▶ EXERCISE GOAL: Beginning with the line that contains "Im Wohnzimmer erwarten", write out each remaining line of the records below exactly. Do not copy any picture.

☆ ☆ ☆ ☆ ☆

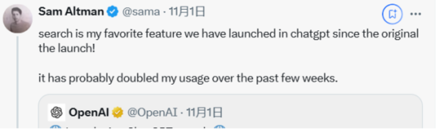 OpenAI的CEO山姆·奥特曼(Sam Altman)大赞这个新功能:“这是自ChatGPT本体发布之后,我最喜欢的一个功能!在过去几周我使用ChatGPT的次数可能都翻倍了。”
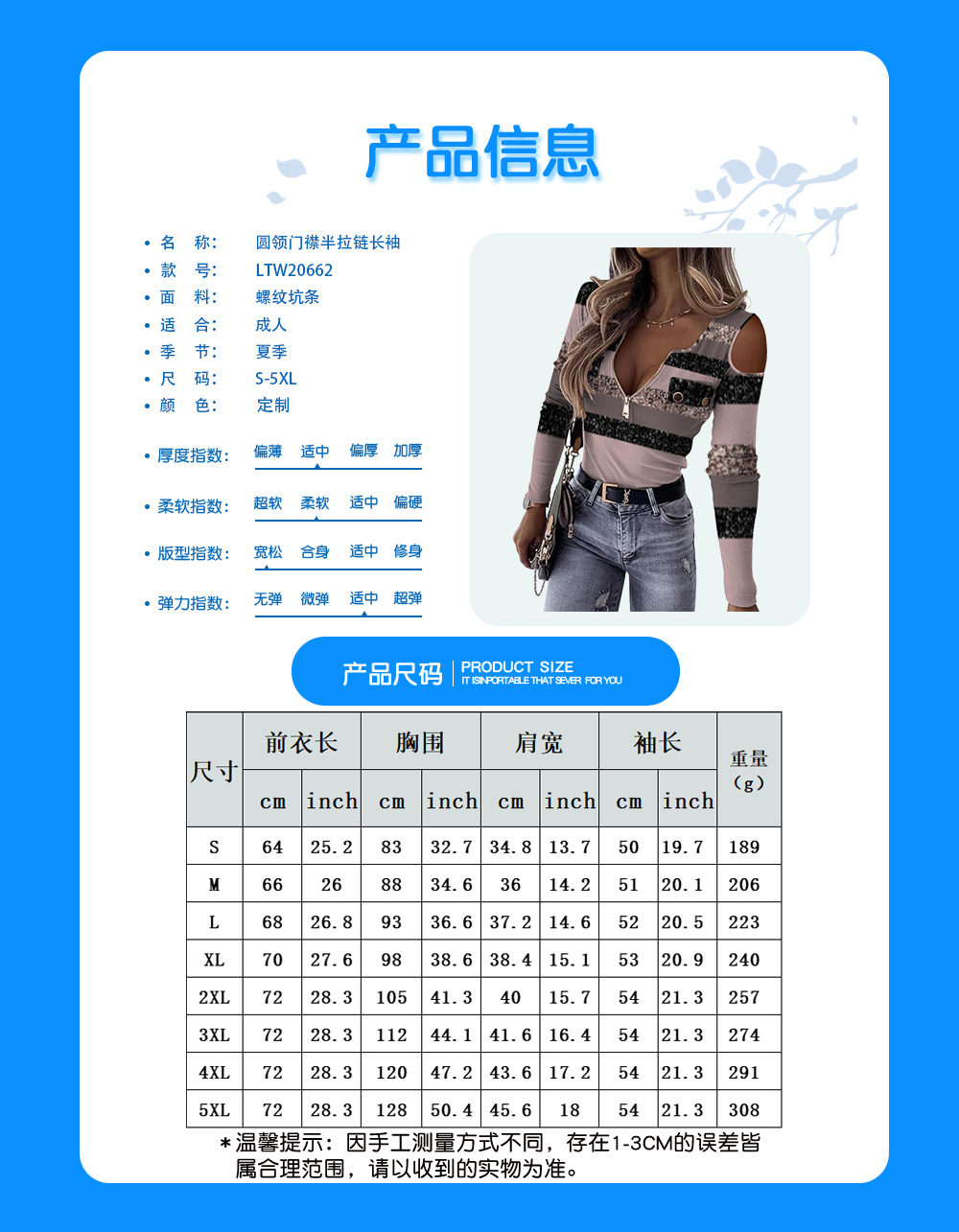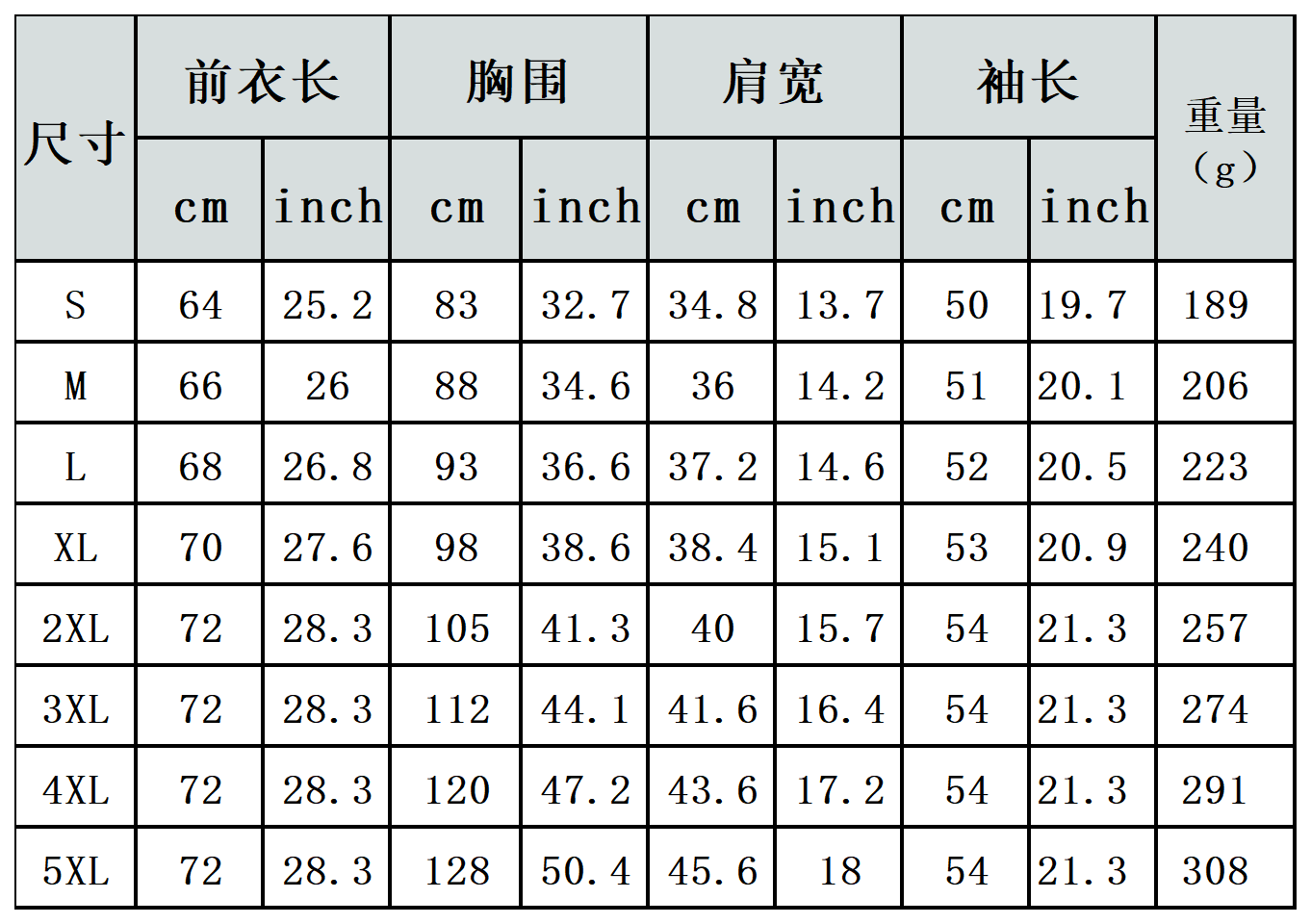 【特别说明】此尺码数据在衣服平铺下测量所得,因测量方法不同,误差在1-3cm内的属于正常现象
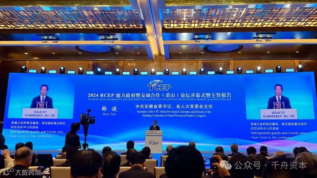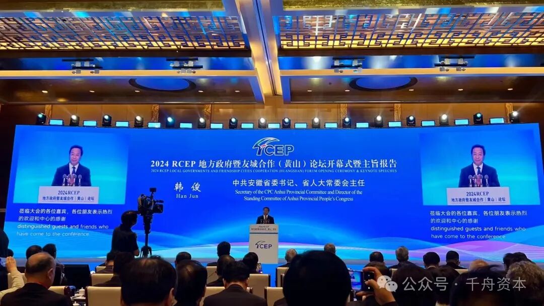 2024年6月21日上午,由中国人民对外友好协会与安徽省人民政府共同主办的2024年RCEP地方政府暨友城合作(黄山)论坛开幕式在黄山市举行。本次论坛以“区域合作 携手发展”为主题,旨在促进与RCEP成员国地方政府间增进了解、探求商机、寻对结好、开展合作,推动安徽省在RCEP框架下的高水平对外开放。论坛开幕式上,中共安徽省委书记省人大常委会主任韩俊、安徽省副省长孙勇等分别致辞。
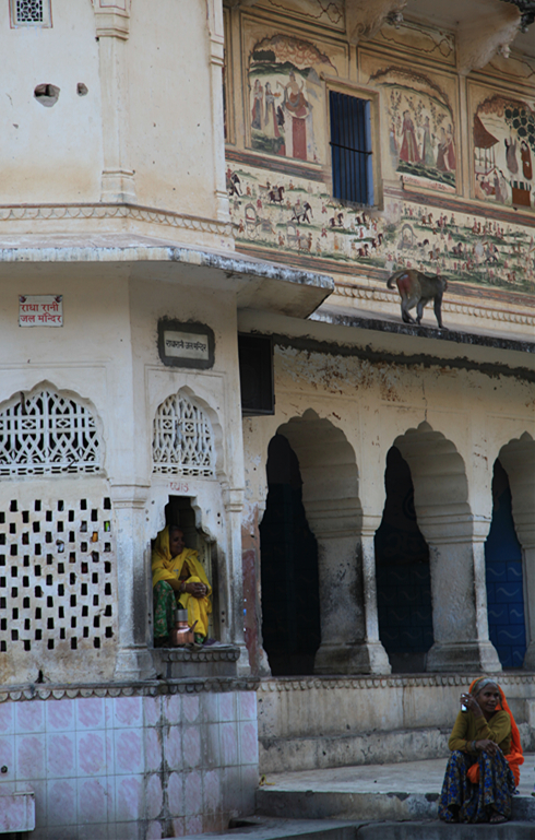 离开皇家陵墓,我们吃过午饭,就去了猴庙,一路的山路、土路,开始我们都有些怀疑这路对不对,到了一个小铁门口,车停下来,还有十几头牛在附近转悠,我们一下车,就有人走过来,说庙里很乱,不仅有猴子会往我们身上爬,还会有当地人骚扰我们,吓得我们都不想进去了,但大老远来了,也许是今生唯一的一次到访,咬牙去吧,我们也没要当地人做导游。铁门处有人卖票,相机收费,人不要钱。
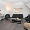 Im Wohnzimmer erwarten Sie exklusive Ledersitzmöbel, stilvolle Lichtgeber sowie ein 65" Sony Smart-TV.
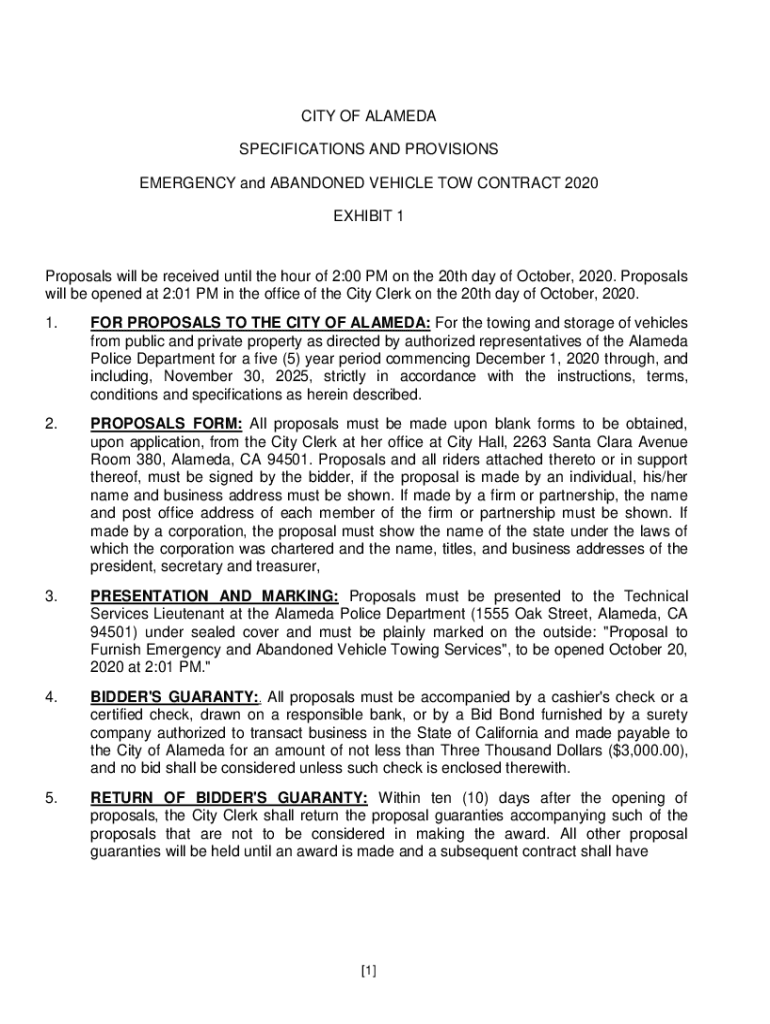CITY OF ALAMEDA SPECIFICATIONS AND PROVISIONS EMERGENCY and ABANDONED VEHICLE TOW CONTRACT 2020 EXHIBIT 1Proposals will be received until the hour of 2:00 PM on the 20th day of October 2020. Proposals
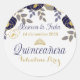 Blue Floral Spanish Quinceanera Reserva la Fecha Runder Aufkleber
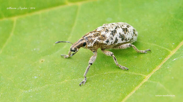 Хотя, если углубляться в систематику этого жучка, то он относится к так называемым корневым долгоносики (триба Cleonini). Личинки у них развиваются в корнях различных сложноцветных (полынь, тысячелистник, пижма и др.), где потом и окукливаются. Взрослые жуки грызут листья, черешки, стебли. По некоторым литературным данным, иногда могут попадаться на свекле, но ее не повреждают.

☆ ☆ ☆ ☆ ☆

▶ OUTPUT OF THE EXERCISE:
 Im Wohnzimmer erwarten Sie exklusive Ledersitzmöbel, stilvolle Lichtgeber sowie ein 65" Sony Smart-TV.
CITY OF ALAMEDA SPECIFICATIONS AND PROVISIONS EMERGENCY and ABANDONED VEHICLE TOW CONTRACT 2020 EXHIBIT 1Proposals will be received until the hour of 2:00 PM on the 20th day of October 2020. Proposals
 Blue Floral Spanish Quinceanera Reserva la Fecha Runder Aufkleber
 Хотя, если углубляться в систематику этого жучка, то он относится к так называемым корневым долгоносики (триба Cleonini). Личинки у них развиваются в корнях различных сложноцветных (полынь, тысячелистник, пижма и др.), где потом и окукливаются. Взрослые жуки грызут листья, черешки, стебли. По некоторым литературным данным, иногда могут попадаться на свекле, но ее не повреждают.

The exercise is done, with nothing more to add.